Do more stuff (increase scale)
Let’s use an entirely contrived order processing system (like a trading desk). Let’s say this system can support 1,000 trades a minute. But during peak trading times, you’re getting more trades than you can process.
The business case for EFDs here would be that you can increase revenue by processing more orders. Here’s an example where six EFDs supported seven times the transactions of six traditional fibre channel drives. And this is a perfect example of how increased scale and reduced latency are not mutually exclusive – the response times on the EFD drives were 7 times lower than the response times on the spinning disks.
Note that both of the cases thus far really depend on how much your EFDs cost, and how much productivity improvement you’re going to see from their deployment. That’s significantly different than this one:
Do the same stuff faster (reduce latency):
Let’s take a large manual order-entry system, where user wait time for a query is 5 seconds, and users do about a one query per minute. Let’s say the performance gate in this scenario is storage and it’s getting about 5-7 ms latency (about as good as you can get with a performance HDD at scale due to rotational latency).
The business case for EFDs here would be that employees in this role spend about 8% of their time waiting on the database. If you can reduce that to 1.6%, you realize massive productivity improvements.
Here’s some data: Note the graphs are not on the same scale.

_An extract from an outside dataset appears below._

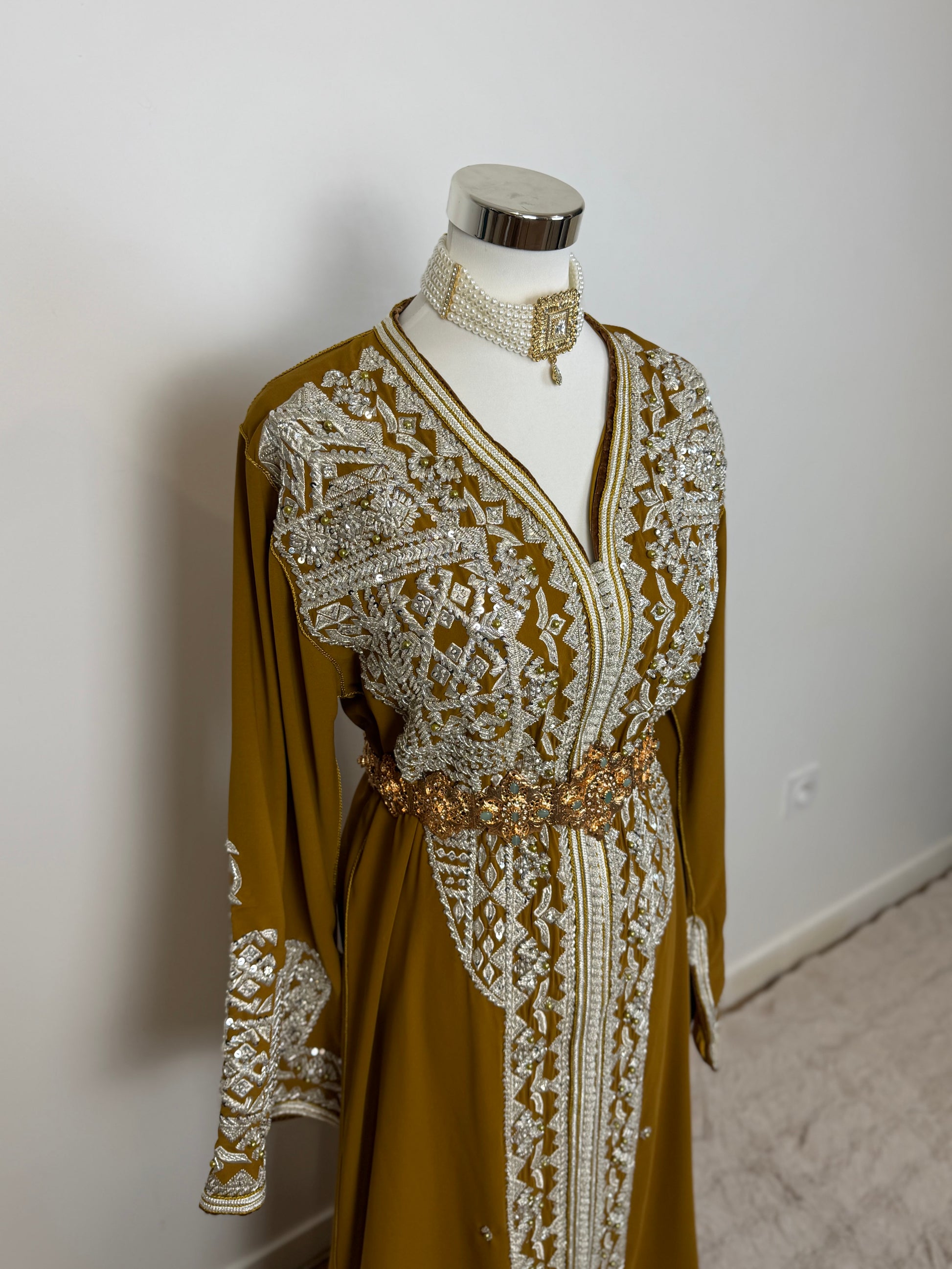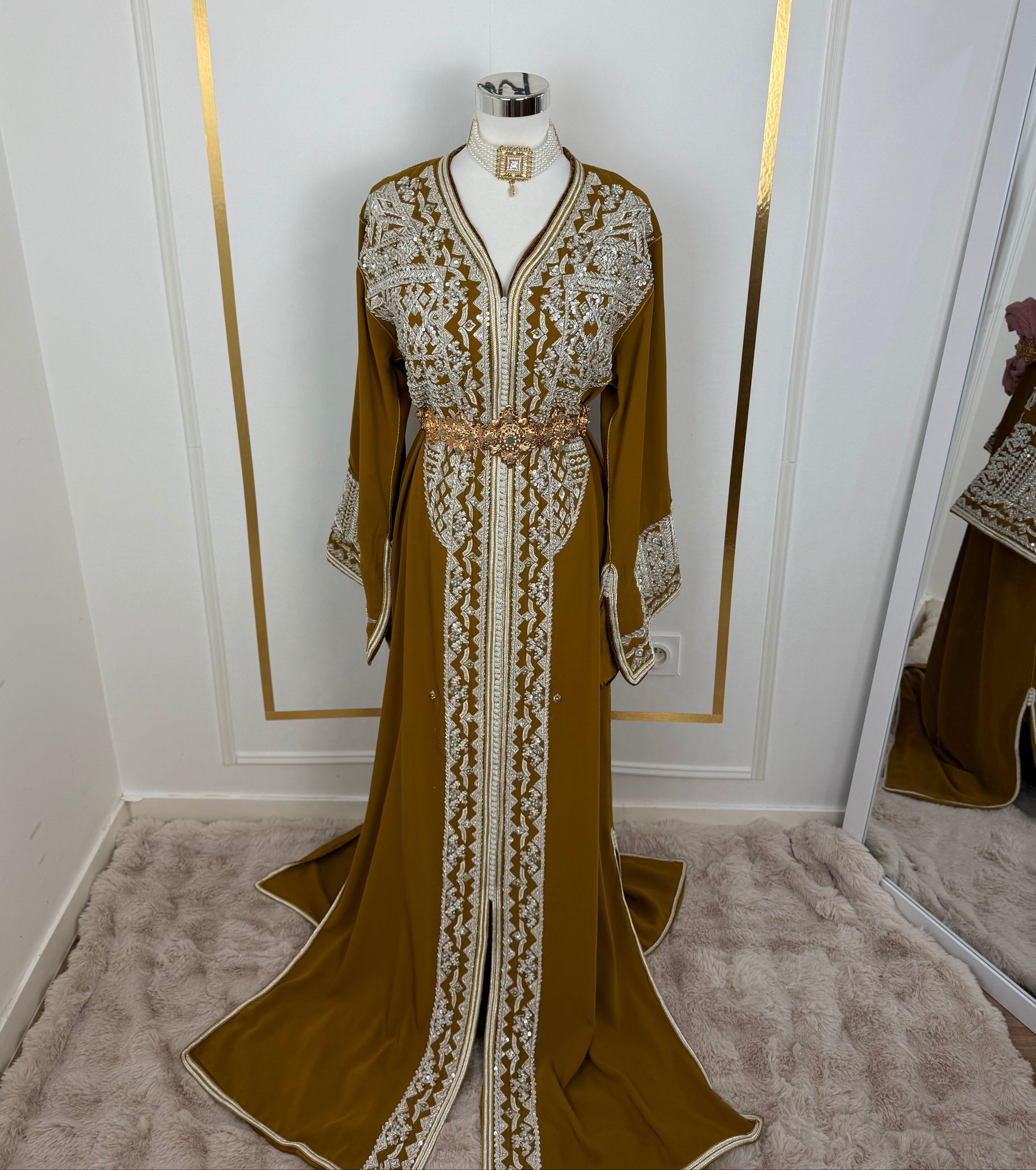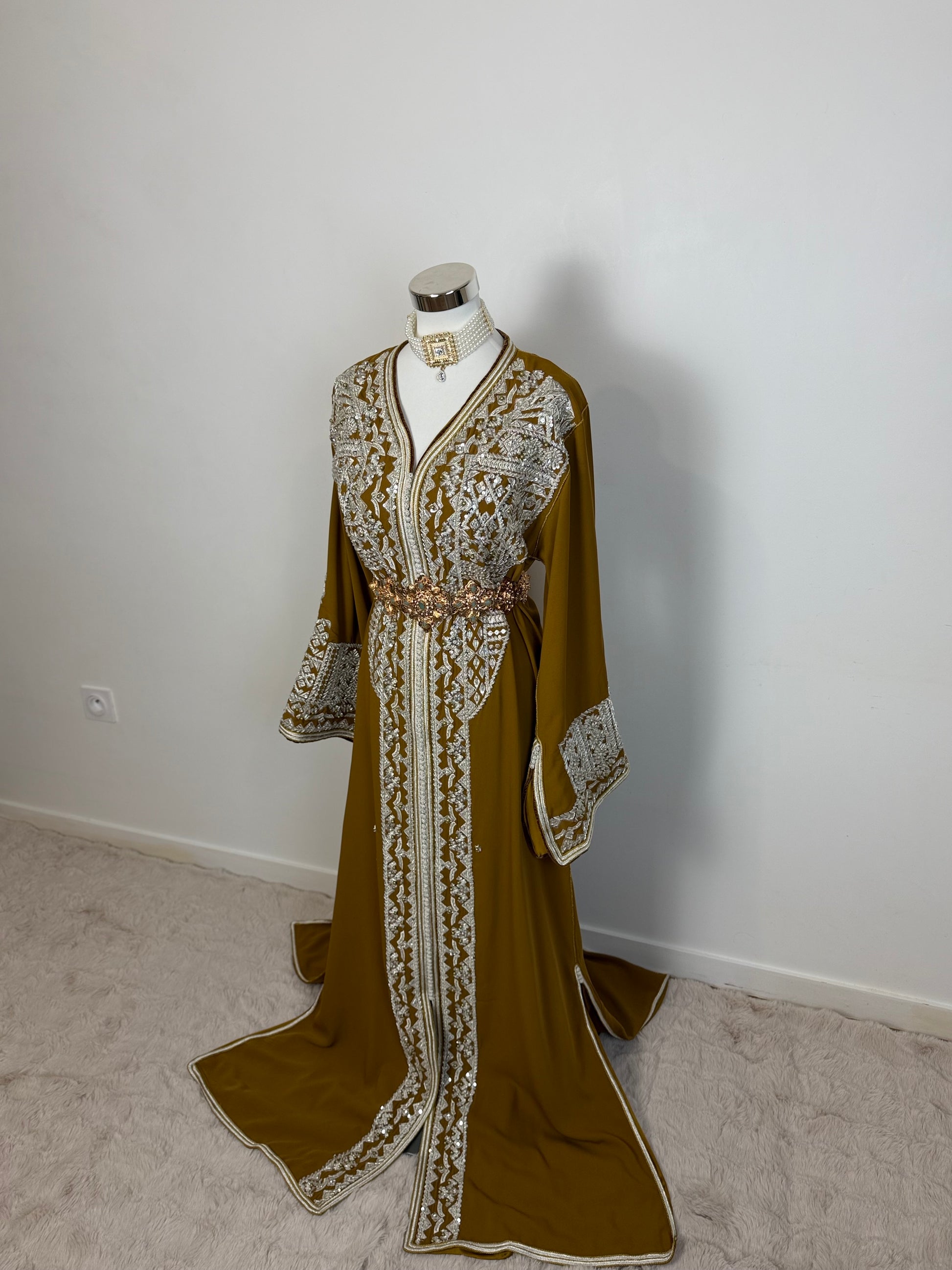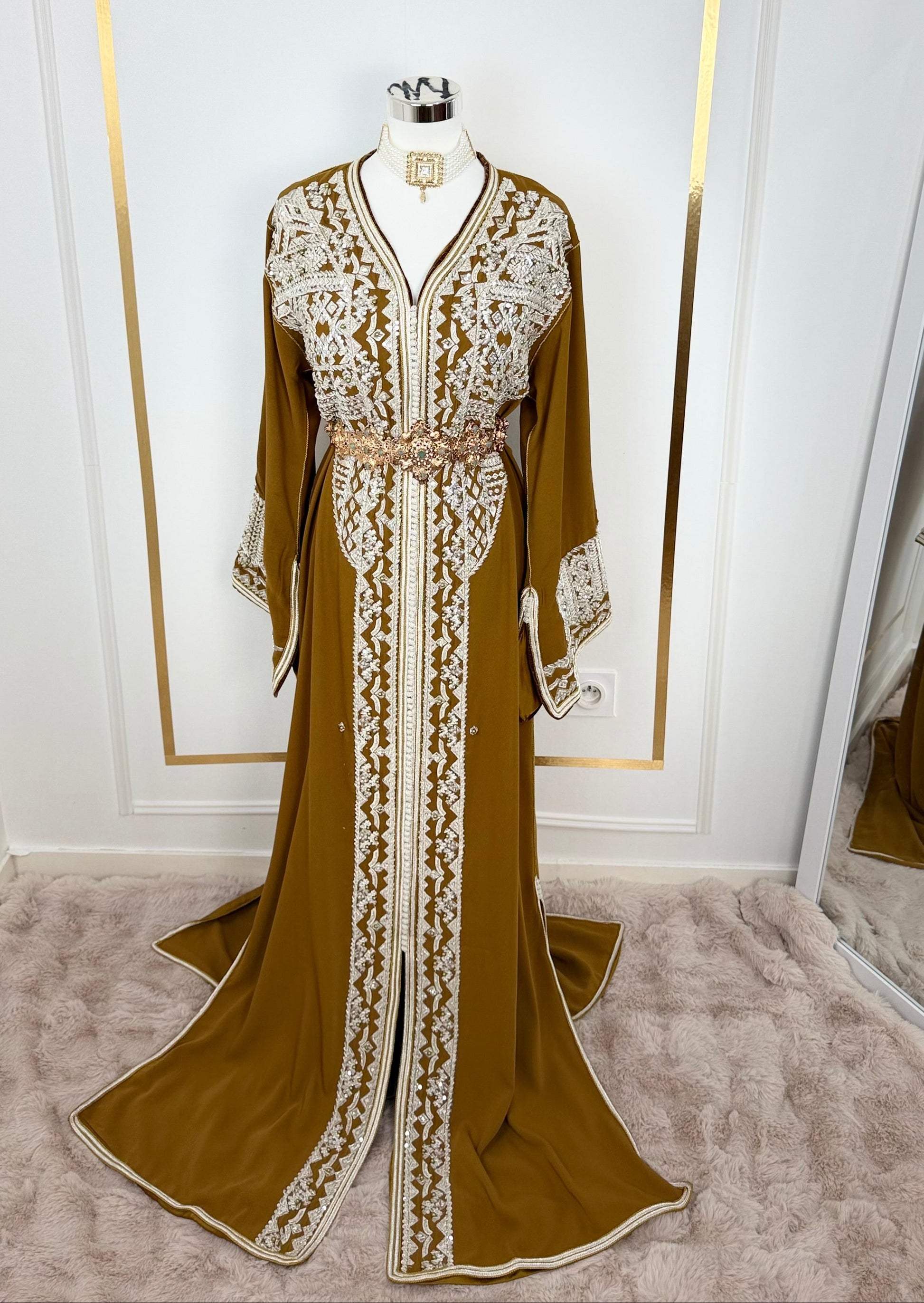 this caftan combines the charm of Moroccan craftsmanship with a contemporary touch,

Do the same stuff, but with less gear (decrease footprint):
Let’s say that you’ve got an application that’s fat and happy residing on ninety 10k performance HDDs. You’re not short-stroking them too badly, but it’s still taking about $6,000 a year to power them, $2,000 a year to cool them, about 18U of rack space to store them, not to mention the maintenance cost associated with them. But the fact is that in most environments, only part of the data set is actually frequently accessed. An example of this might be an order processing or inventory system that may go back years or even decades. The old data isn’t accessed very frequently at all, while the newer data is getting hammered.
Using either manual or automated tiering, you put the older data on cheaper, denser, and more power efficient nl-SAS drives, while the most frequently accessed data can reside on faster, less dense (but still more power efficient) EFDs.
Here’s some supporting data. Now, the performance was slightly increased, but the bulk of the savings came in the form of footprint – acquisition, power, management, and so forth. Had the goal been to increased scale or reduce response time, then the deployment method would have differed.